**Information provided:**
------------------------------------------------------------

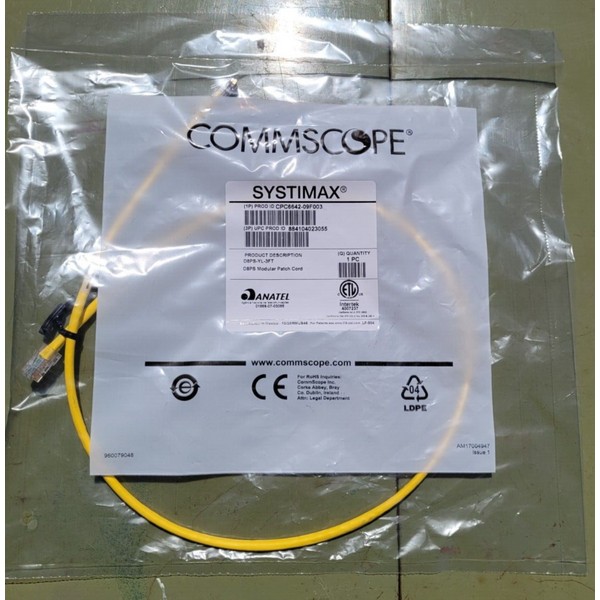 Commscope D8PS-YL-3FT / CPC6642-09F003 Modular Patch Cord 3ft Yellow NEW
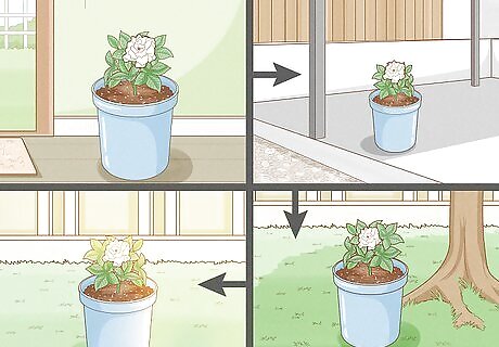 Place your pot in the shade until the next day. Set your pot somewhere outside in a well-shaded area. It may take your flowers 1-2 days to adjust, so keep them in this location during this time. After a day or so, you can move them to a location that has a little more sun. After a few more days, your flowers should be able to handle being placed somewhere that gets full sun.
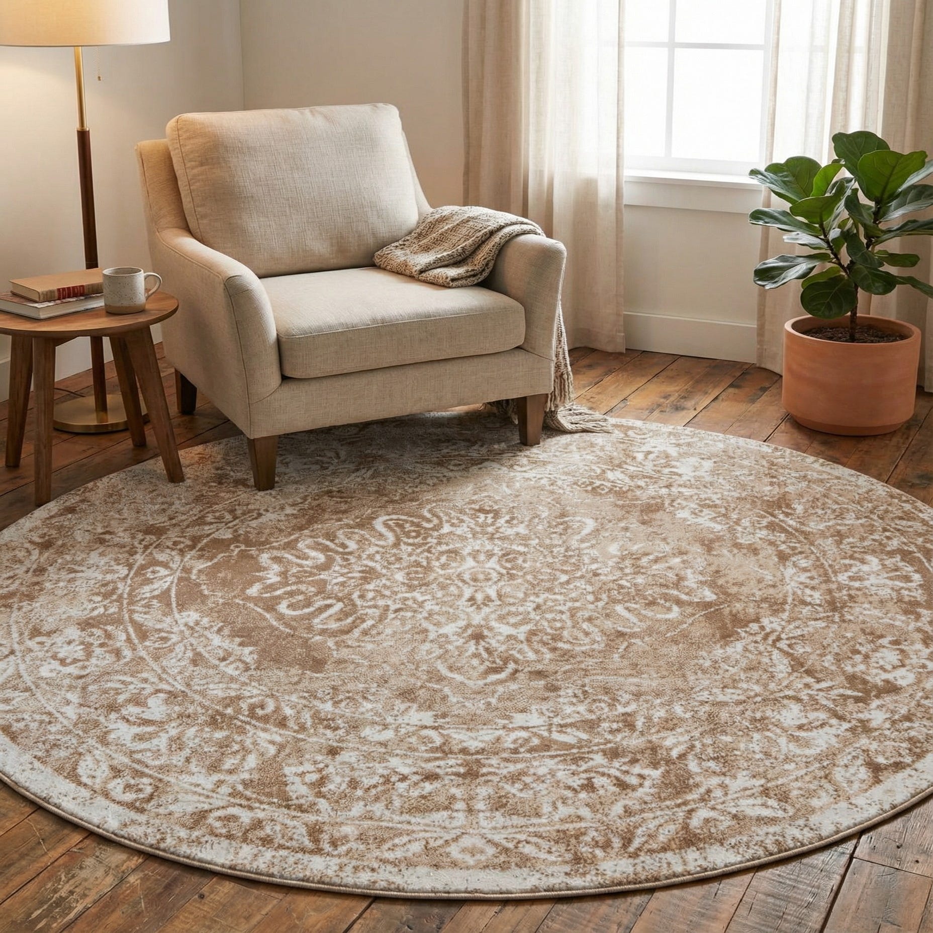 Machine-made of 100% polypropylene, this round rug offers consistent construction and a comfortable underfoot feel. Its neutral palette and transitional styling pair easily with natural wood tones, linen upholstery, and soft metallic accents, making it a good fit for a cozy living area centered around a round coffee table, a breakfast nook with a circular dining set, or a bedroom where you want a calm, grounded anchor. The muted colors also complement coastal, farmhouse, or contemporary neutral schemes when layered with textured throws and woven baskets.

------------------------------------------------------------

**What the task asks:** Retype the whole of the data verbatim. Skip every picture.

**Solution:**
 Commscope D8PS-YL-3FT / CPC6642-09F003 Modular Patch Cord 3ft Yellow NEW
 Place your pot in the shade until the next day. Set your pot somewhere outside in a well-shaded area. It may take your flowers 1-2 days to adjust, so keep them in this location during this time. After a day or so, you can move them to a location that has a little more sun. After a few more days, your flowers should be able to handle being placed somewhere that gets full sun.
 Machine-made of 100% polypropylene, this round rug offers consistent construction and a comfortable underfoot feel. Its neutral palette and transitional styling pair easily with natural wood tones, linen upholstery, and soft metallic accents, making it a good fit for a cozy living area centered around a round coffee table, a breakfast nook with a circular dining set, or a bedroom where you want a calm, grounded anchor. The muted colors also complement coastal, farmhouse, or contemporary neutral schemes when layered with textured throws and woven baskets.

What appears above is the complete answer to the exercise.